Primary LanguageScala

MultiArmedBandit

Introduction and implementation of the strategies(include Thompson Sampling) for multi-armed bandit Problem.

For the more detailed description, See MultiArmedBandit.pdf

Definition

This problem is also called Exploitation/Exploration problem.

Exploitation solves the Multi-armed Bandit Problem by exploiting the arm with the highest estimated value with respect to success times and rewards of previous plays.

Exploration solves the Multi-armed Bandit Problem by exploring any arm that does not have the highest estimated value based on previous plays.
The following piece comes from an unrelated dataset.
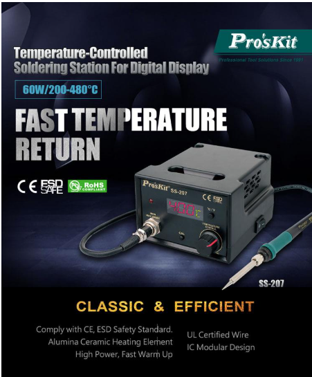 Soldering iron handles are insulated and ergonomic-designed for ease

The trade-off between exploitation and exploration is also faced in reinforcement learning.

Application

  • Real Time Bidding of online advertisement
  • Website/app optimization problem
  • Other Markov Desion Process Problem

#Algorithm ##Epsilon-Greedy image ##SoftMax image ##Upper Confidence Bound image ##Thompson Sampling image

#Simulate Using MCMC and Bernoulli Bandit to test the different performance between four algorithms

class BernoulliBandit(val probabilityArms:Array[Double]) {
  def draw(i:Int): Double ={
    require( i < probabilityArms.length )
    if(Random.nextDouble() > probabilityArms(i))
      0.0
    else
      1.0
  }
}
trait BanditAlgorithm {

  def selectArm():Int
  def update(chosenArm:Int,reward:Double)
  def initialize(n_arms:Int)

}

#Experiment We can compare the performance of accuracy, average reward and cumulative reward.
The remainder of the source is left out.